▶ [Source data]:
▽
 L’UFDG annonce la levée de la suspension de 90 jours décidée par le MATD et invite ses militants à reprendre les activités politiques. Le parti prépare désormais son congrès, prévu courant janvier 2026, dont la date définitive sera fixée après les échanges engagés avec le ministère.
△
▽
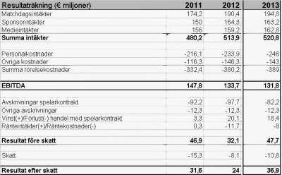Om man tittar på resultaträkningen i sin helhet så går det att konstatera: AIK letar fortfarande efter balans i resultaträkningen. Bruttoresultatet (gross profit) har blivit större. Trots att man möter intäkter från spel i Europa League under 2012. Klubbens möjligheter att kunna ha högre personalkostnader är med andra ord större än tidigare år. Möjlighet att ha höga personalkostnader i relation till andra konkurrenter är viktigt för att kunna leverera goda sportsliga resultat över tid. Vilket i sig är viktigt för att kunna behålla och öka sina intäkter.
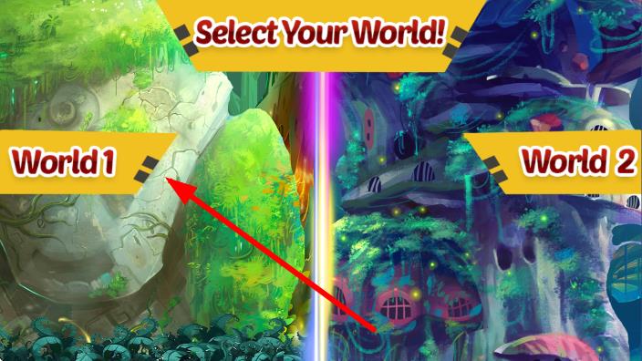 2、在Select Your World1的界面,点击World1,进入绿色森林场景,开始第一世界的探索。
△
▶ [Assigned task]: Having found the line with "Om man tittar" and the line with "2、在Select Your World1的界面,点击World1,进入绿色森林场景,开始第一世界的探索。" in the material above, write out exactly those two and every line between, leaving the pictures out.

▶ [Problem solution]:
Om man tittar på resultaträkningen i sin helhet så går det att konstatera: AIK letar fortfarande efter balans i resultaträkningen. Bruttoresultatet (gross profit) har blivit större. Trots att man möter intäkter från spel i Europa League under 2012. Klubbens möjligheter att kunna ha högre personalkostnader är med andra ord större än tidigare år. Möjlighet att ha höga personalkostnader i relation till andra konkurrenter är viktigt för att kunna leverera goda sportsliga resultat över tid. Vilket i sig är viktigt för att kunna behålla och öka sina intäkter.
 2、在Select Your World1的界面,点击World1,进入绿色森林场景,开始第一世界的探索。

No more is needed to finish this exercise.